What they do not, and apparently cannot comprehend is that in their effort to rid themselves of American society, they are giddily smashing everything which has for two centuries given the world a force for remarkable good. They criticize merit, diligence and self-control as emblems of “whiteness,” apparently without irony or recognition that they thereby suggest nonwhites are prone to mediocrity, sloth and self-indulgence – a reprehensible argument with which generations of Democrats from Jefferson Davis to Governor Clarence Morley to Senator Harry Byrd would doubtless have agreed.
If we really wish to be rid of racism, we must once and for all rid ourselves of the idea that any particular group of humans chosen for their skin color – or sex, or shape, or ethnicity for that matter – will all have certain other characteristics in common: industry or laziness, intelligence or dullness, grace or clumsiness, virtue or vice. It was this tendency to disaggregate humanity into groups based on superficialities that created some of the problems we face today; we will not resolve those problems by doing more of the same, flavored with admixtures of rage and lust for vengeance manufactured by demagogues.

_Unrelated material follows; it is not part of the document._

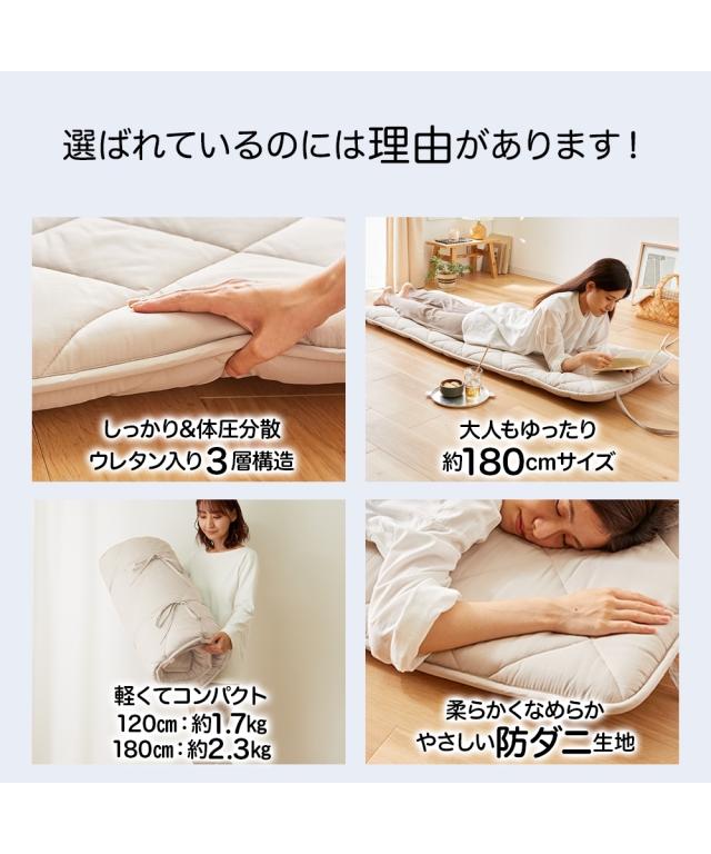 コンパクトに畳める体圧分散ウレタン入りごろ寝マット(布団)高密度防ダニシリーズ

Instead of denigrating merit, we should embrace it, because merit is the measure that ignores outward characteristics such as skin color or gender. Instead of dismissing the search for excellence and the effort it demands as an artifact of “white supremacy,” we should all remember that doing anything worthwhile, from creating a limited field theory to writing a symphony to developing a reliable shot from three-point-land requires work. Lots of it.
And we should all understand that, by insisting that race is the most important factor in America’s political, social and economic existence, the progressive Left proposes to return our nation to the calculations of 1860, hoping for a better outcome this time for their racialized and divided vision of a future for the country.